They were all seated in the soft lamplight of the cluttered, cosy room. It was very warm and stuffy on this hot night, even with the window open on to the yard. Eb sat in his place at the head of the table, his napkin tucked into his collar almost as if he was at the barber’s.

‘Lucky for you we hadn’t rented out Georgie’s room!’ he said, through a hearty mouthful.

‘Do you need more space, Uncle?’ Margaret asked. She was increasingly aware of a painful throb in her temples; she felt utterly exhausted and was struggling to keep up a conversation. Eb chewed mightily and swallowed, wiping his moustache on the back of his hand.

‘Napkin, Eb! What do I give you a napkin for?’ Harriet scolded.

‘There’s always someone wants a workshop,’ he said, making apologetic use of his napkin. ‘I’ve got my shopping out the back, as you can see . . .’ He held his arm towards the window where another building loomed very close to the house. ‘But when we move out we can have all these extra rooms bringing in rent.’ He smiled jovially at this thought.

‘And we can extend the office into here,’ Aunt Hatt said, looking round the room.

‘Hmm.’ Her husband’s mouth was presently occupied with potato.

‘No, Eb – you’re not renting this out as well – we’ve hardly room to turn round in there,’ Aunt Hatt said heatedly. ‘We’re practically sitting on each other’s knees . . .’
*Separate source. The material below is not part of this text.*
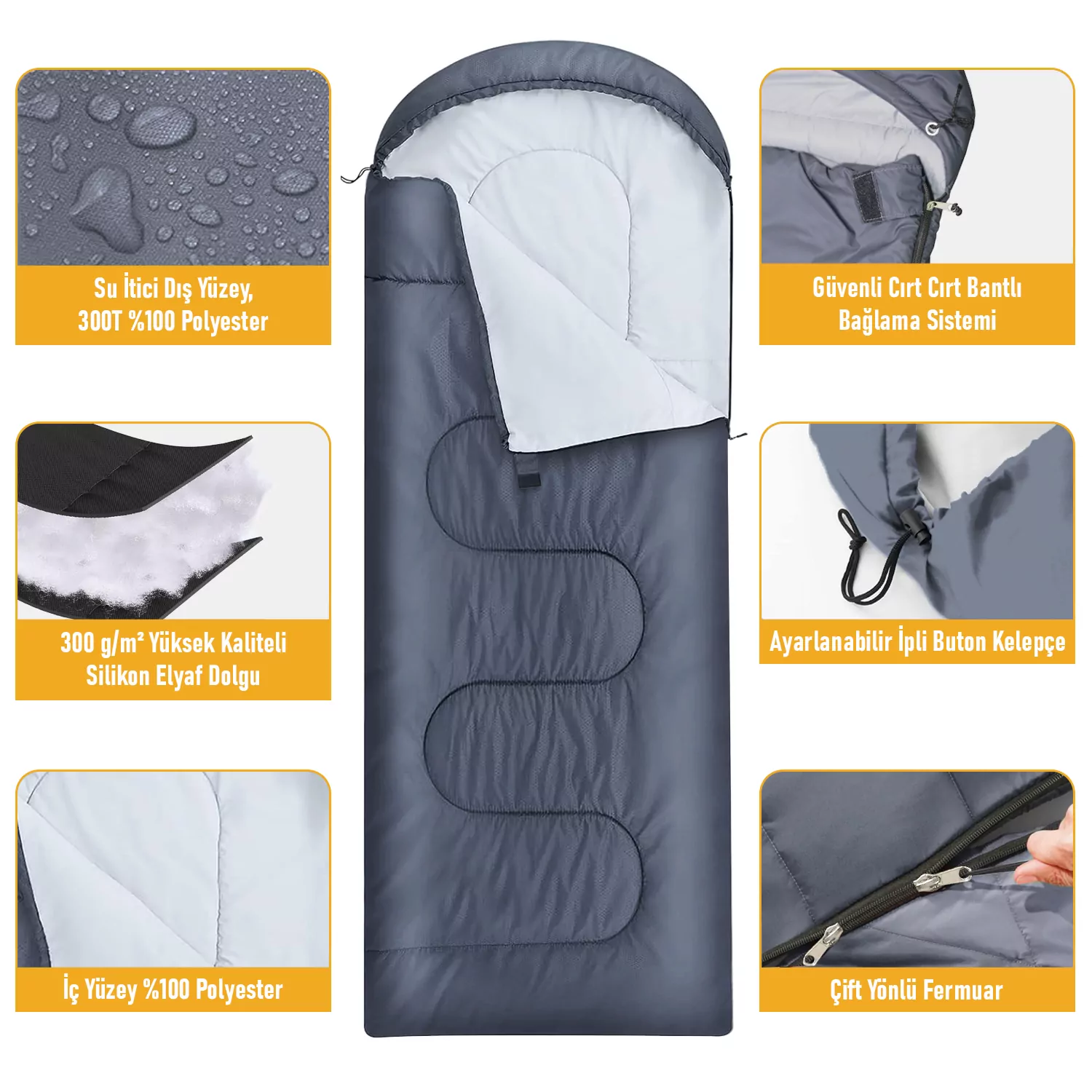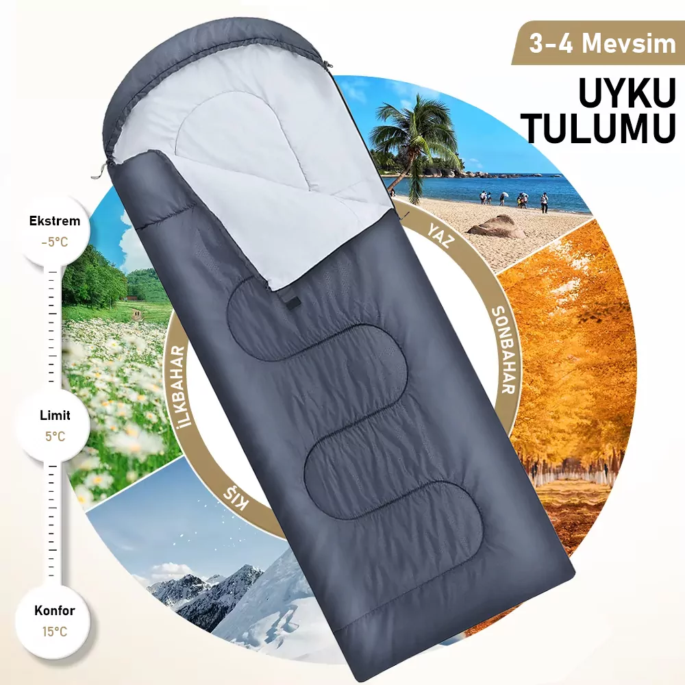 ✅ KONFORLU VE SICAK UYKU TULUMU: Kamp uyku tulumunun dış kumaşı su itici özellikli %100 polyester kumaştan oluşur, iç yüzey kumaşı %100 polyester kumaştır ve 300 g/m²'lik yüksek kaliteli silikon elyaf dolgu sıcaklık ve uzun ömür sağlar. Kış uyku tulumunun sıcaklık aralığı: Konfor: 15°C / Limit: 5°C / Ekstrem: -5°C ve farklı sıcaklıklar dikkate alınarak farklı mevsimlerde ve farklı sıcaklıklarda sıcak bir uykunun tadını çıkarabilirsiniz.
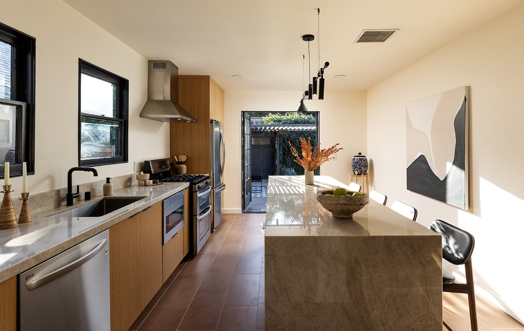 Spend warm summer nights beneath the stars or gather around the fire pit. Outdoor built-in gas grill adjoins al fresco dining under the trellis–providing welcome respite from the hustle and bustle of city life. Pack your bags–your dream home awaits! Located in the heart of Atwater Village with an abundance of boutiques and trendy restaurants like Dune, Proof Bakery, Bon Vivant, and the Village Bakery. Renovation by LA-based design team OWIU. Welcome home!

Eb, still chewing, looked round at them all and gave a wink.

‘Don’t mind him – he just likes to mither me,’ Aunt Hatt said.

‘So these houses have a good many different businesses in them?’ Annie asked. She looked much revived, after food. Margaret was grateful to her for keeping up the conversation. ‘Mother used to tell us about it.’

They had grown up hearing stories from Leah Hanson about this district spreading north from the heart of Birmingham, on what was once the old Colmore estate – also known as Hockley.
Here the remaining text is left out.